The most useful lesson I learned from my cat is if somebody puts clothing on you, just freeze and flop over on your side.
Me; Alexa! Start understanding my Indian accent
Alexa: Here’s what I found on Wikipedia about median cement
It’s 5pm and I’m pretty sure my husband’s trying to get me drunk. Joke’s on him, I’ve been drunk since noon.
I’m really good at acting like I’m sorry the elevator door is closing and you missed it.
I’m not necessarily saying that my female ancestors escaped shitty marriages with poison but I am saying that I come from a long line of avid gardeners who outlived their husbands by decades.
A small part of me is filled with self-loathing for how much pizza I can eat in one sitting. The rest of me is filled with pizza.
My wife walked in on me sobbing uncontrollably while listening to an old song.
“Meat Loaf?” she asked.
“Yes,” I replied, between the tears. “Can we have baked potatoes too?”
Toaster: Things are getting hot…. real hot, I’m getting close.
Me:
Toaster: Ahhhhhh!!!! I popped…
Me: I don’t think I really want that waffle anymore.
if your boyfriend insists he rolls everywhere because it’s ‘faster than walking’, my friend, you may be dating a gamer.
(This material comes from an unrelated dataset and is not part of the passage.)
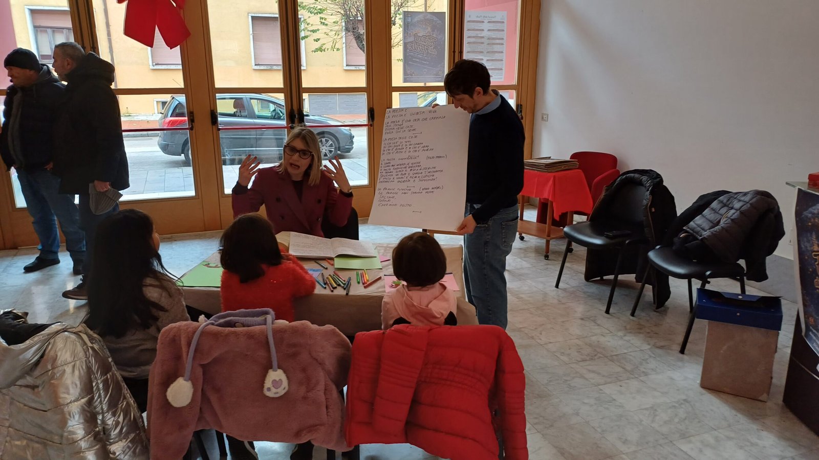 Uno spazio che diventa laboratorio di idee, pensato per abbracciare grandi e piccini. E’ il Festival delle fiabe, partito il 23 dicembre scorso, nella cornice dell’Eliseo, per proseguire fino al 6 gennaio promosso dal Comune di Avellino e curato dalla Bottega del Sottoscala. E’ Nicola Mariconda della Bottega del Sottoscala a spiegare come “Ad alternarsi fino al 6 gennaio saranno laboratori artistici e narrativi, come quello di questa mattina dedicato alla poesia, tenuto da Caspar Campania per insegnare loro come la poesia si nutra di contenuto e sonorità, giocando con la fantasia. In serata saranno di scena spettacoli dedicati alle famiglie, per avvicinare i piccoli alla musica e al linguaggio teatrale, dal concerto di Natale del coro Diapason alla “Rivolta delle pecore” che affronta i temi ambientali don la musica dei Barabba Blues, dal Concerto della Sonora Junior Sax, orchestra composta da 60 sassofoni Avellino a “La befana vien Ridendo” spettacolo di cabaret con Gino Fastidio e Mino Abbacuccio comici di punta della trasmissione Made in Sud. Spettacoli ai quali si affianca il percorso artistico “Avellino si mostra” dedicato agli artisti irpini. In mostra le opere di alcuni protagonisti del panorama artistico campano, Giovanni Spiniello, Lucio Finale, Gianni Spagnuolo con il suo omaggio a Pasolini, Angelo De Pascale, Fabiana Gradisca, Jessica Perna, un itinerario che abbraccia linguaggi differenti dall’informale al figurativo. A campeggiare all’ingresso L’albero Vagabondo realizzato dal Maestro Giovanni Spiniello per lanciare un messaggio forte contro i rifiuti”. Ed è un viaggio carico di suggestioni quello che consegna l’itinerario “Si mostra”, dai frammenti di forma e colore che si sfidano in una tensione di ordine e caos nell’arte di Finale all’universo fatato di Spiniello fino alla ricerca di Spagnuolo, specializzato nella realizzazione di murales e street painting che consegna il suo sguardo su Pasolini e i miti del nostro tempo o ancora il gioco di forme e colori di Angelo De Pascale.

At the dmv waiting outside for my daughter to fill out paperwork. I’m remembering when I was 16 and my dad backed the car into the spot so I could just pull forward with the test guy. It worked! And 35 years later, I still can’t back out very well.
No intelligent people were harmed in the reading of this tweet
According to my iPhone Health app, I walked 1,787 steps around this Golden Corral buffet tonight …. So I got that going for me.
[creation]
PORCUPINE: So what’s my deal
GOD: Basically a fat lazy rat that eats sticks and your vision sucks
P: WTF dude are you serious
G: lmfao yeah bro
P:
G:
P: Can… I at least be covered in thousands of tiny swords
G:
P:
G: HELL YES THAT IS METAL AF MY MAN
Hobby Lobby and Chick-Fil-A have one thing in common: I never go there.
Don’t name your car. It’s not a boat. Don’t name your boat either.
I’m tired of conventional beauty standards that say I can’t wear a ski mask in a bank
Would I understand the music of Dua Lipa if I haven’t first heard any songs by Uno Lipa?
My husband’s parenting style is to menacingly say “Yeah!” after everything I say when I reprimand the kids.
Some woman is out there right now pregnant with Leonardo Dicaprio’s next girlfriend.